[Records from a dataset]
######

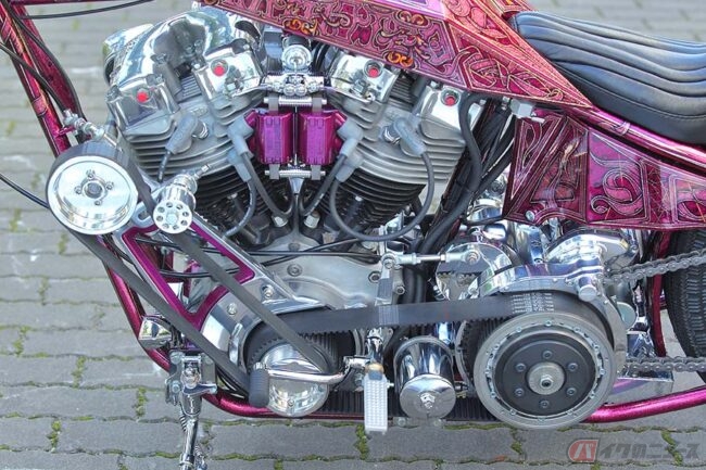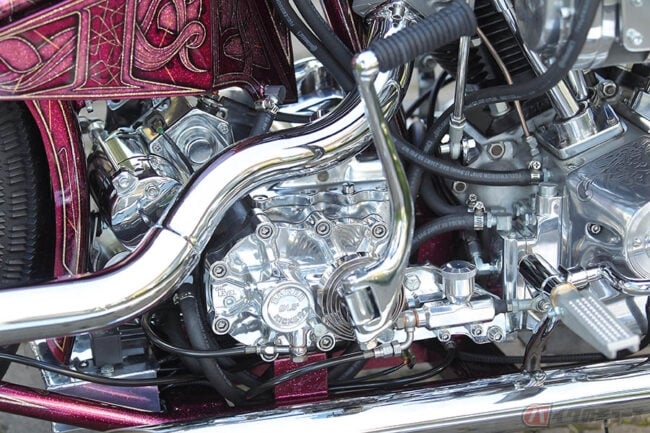 その中で目につくのが車体の左サイドに装着された巨大なスーパーチャージャーなのですが、これは1970年代に“ディガースタイル”を生み出したアメリカのビルダー、『アーレン・ネス』がマグナチャージャー社とタッグを組み、製品化したもの。
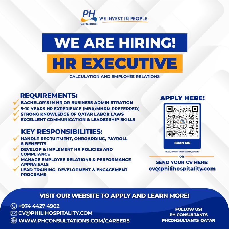 وظيفة HR Executive في قطر – خبرة 5–10 سنوات في العلاقات العمالية وإدارة شؤون الموظفين
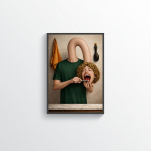 Surreal Morning Routine Wall Art Print – Absurd Conceptual Bathroom Illustration
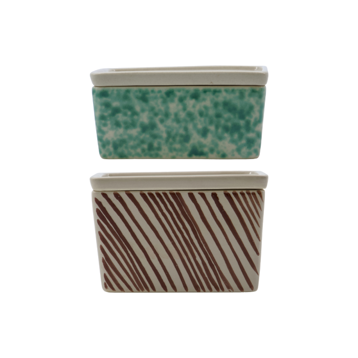 Tilføj et strejf af kunstnerisk elegance til dit køkken med dette sæt stentøjsopbevaringskasser. Hvert stykke er unikt håndmalet, med den ene kasse prydet af brune striber og den anden med et smukt grønt stænkmønster.
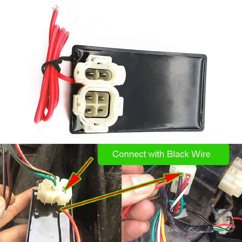 Buy a universal DC igniter with a wire. You don’t need to destroy the original motorcycle’s wiring. Just connect the red wire on the universal igniter to the black wire plug of the flasher, the modification is complete. The stop switch is also works as usual.
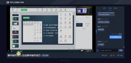 5月12日-5月14日為培訓的第一階段,自愿報名參加培訓的老師人數(shù)高達1000人。培訓內容根據(jù)當前開展線上教育情況和提升課堂教學質量兩方面實際進行了設計,授課教師圍繞交互式多媒體設備互動課件制作基礎、資源素材獲取、互動課件制作技巧、課件排版、班級管理及微課錄制六個板塊展開。
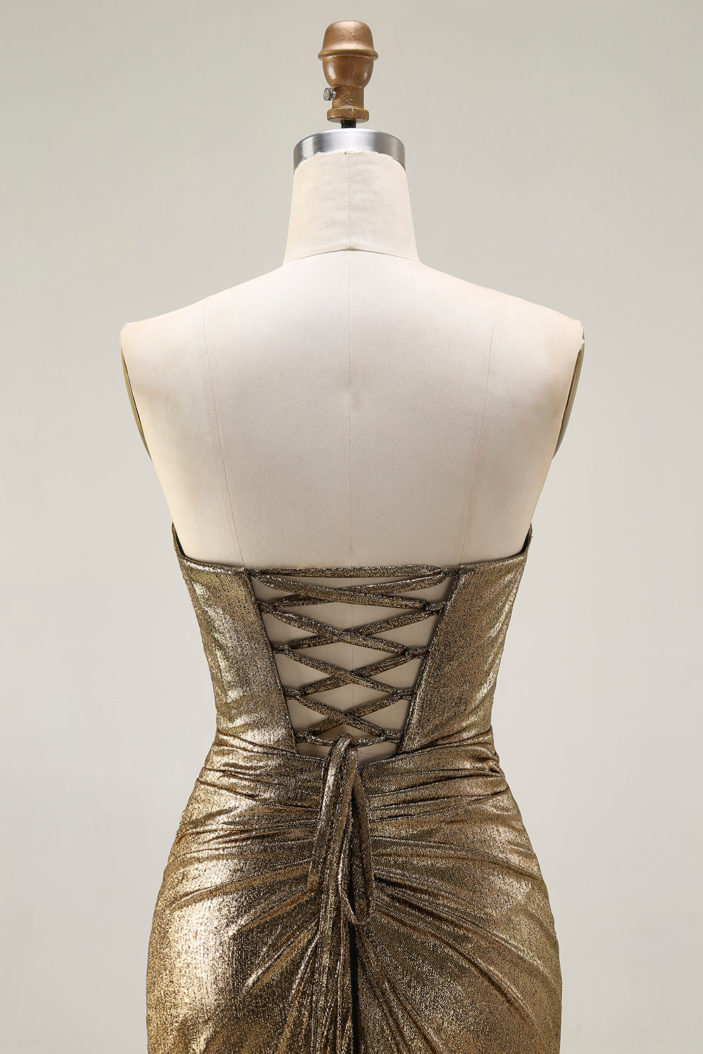 Metallic Fuchsia Strapless Mermaid Cut Out Lace Up Back Long Prom Dress with Slit
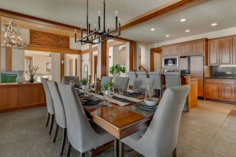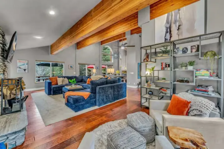 Nestled on three acres along the Truckee River, this state-of-the-art luxury retreat promises a one-of-a-kind experience. Offering both privacy and convenience, this airbnb in Lake Tahoe blends high-end amenities with natural beauty. Guests can enjoy a sprawling lawn, a rock bed creek, and the soothing sounds of the river while relaxing outdoors by the fire pit, swimming pool, or built-in hot tub. Inside, a caterer’s kitchen, massage room, and sauna ensure relaxation and entertainment. Equipped with world-class features, including Gaggenau Hausgerate appliances and Poggenpohl cabinetry, the home ensures a lavish stay. It is also just minutes away from skiing, hiking, and other outdoor adventures, making it an ideal destination year-round.
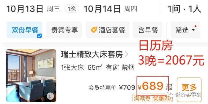 日历房3晚需2067元,套餐3晚仅1665元,便宜了402元,妥妥8折优惠!
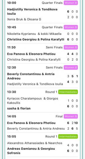 Στην κατηγορία των «Women B», οι Πάνοβα/Φωτίου χρειάστηκε να περάσουν από τρίσετη δοκιμασία για να «λυγίσουν» στο τέλος τις Κωνσταντίνου/Ανδρέου με 2-1 και 6-2, 2-6, 10-5 σε θεαματική αναμέτρηση. Αυτός ήταν αλλος ένας τίτλος για την Πάνοβα, που δείχνει ότι το πάντελ της ταιριάζει ιδανικά, παρότι προέρχεται από το τένις και συνεχίζει να «μεταφέρει» την εμπειρία της στο νέο της άθλημα, στο οποίο και κάνει εξαιρετικές εμφανίσεις.
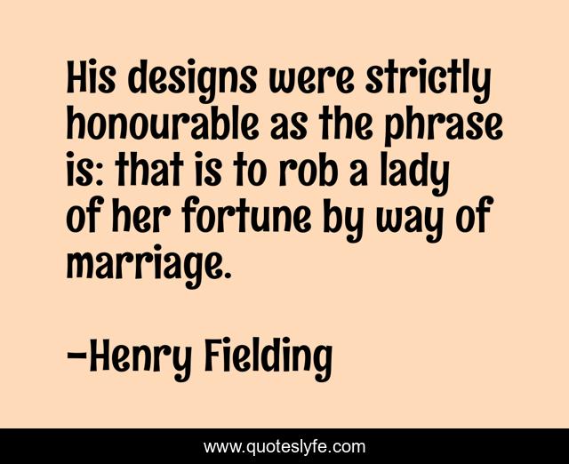 This page presents the quote "His designs were strictly honourable as the phrase is: that is to rob a lady of her fortune by way of marriage.". Author of this quote is Henry Fielding. .
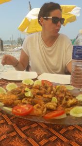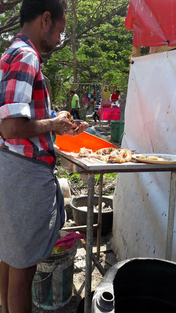 Jako, że było przedpołudnie, swoje skarby sprzedawali przy plaży rybacy. Od nich kupiliśmy za całe 600 rupii krewetek. Przy rybaku stał kucharz, który zabrał nas do swojej knajpki, gdzie przyrządził nam je tak, jak chcieliśmy, w czosnku i imbirze. Uczta krewetkowa pełną gębą.
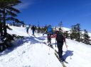 ここからの尾根は緩やかな下りとなり、先行者の滑って行ったシュプールやスノーシューの跡があるが、シールを付けたままでの滑走は慣れないと難しく技術の差が出るところでもある。もっとも5名中3名は75‐75‐71歳であるから転ぶのも止む負えずというところか。
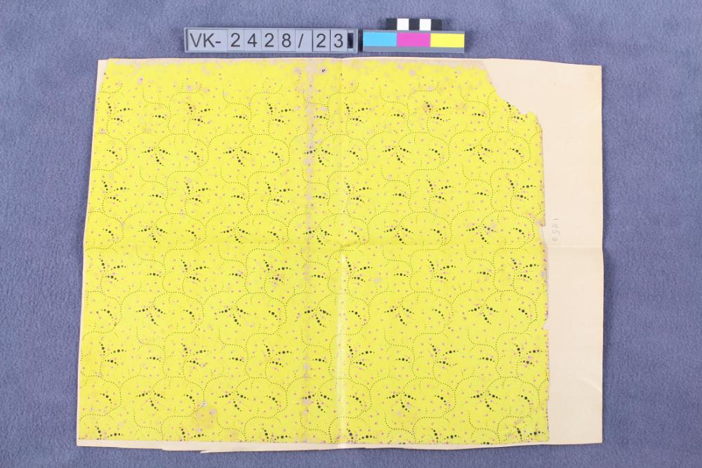 Rechteckiges ausgeschnittenes Stück einer Tapete. Muster: Gepunktete Linien in schwarz und rosa auf gelber Grundfarbe. Ähnlich wie VK-2428_16.

######

**PROBLEM DETAILS**
The stretch above running from the line with "Στην κατηγορία των" through the line with "This page presents" is all you should copy, exactly, leaving out the pictures.

**REPLY**
 Στην κατηγορία των «Women B», οι Πάνοβα/Φωτίου χρειάστηκε να περάσουν από τρίσετη δοκιμασία για να «λυγίσουν» στο τέλος τις Κωνσταντίνου/Ανδρέου με 2-1 και 6-2, 2-6, 10-5 σε θεαματική αναμέτρηση. Αυτός ήταν αλλος ένας τίτλος για την Πάνοβα, που δείχνει ότι το πάντελ της ταιριάζει ιδανικά, παρότι προέρχεται από το τένις και συνεχίζει να «μεταφέρει» την εμπειρία της στο νέο της άθλημα, στο οποίο και κάνει εξαιρετικές εμφανίσεις.
 This page presents the quote "His designs were strictly honourable as the phrase is: that is to rob a lady of her fortune by way of marriage.". Author of this quote is Henry Fielding. .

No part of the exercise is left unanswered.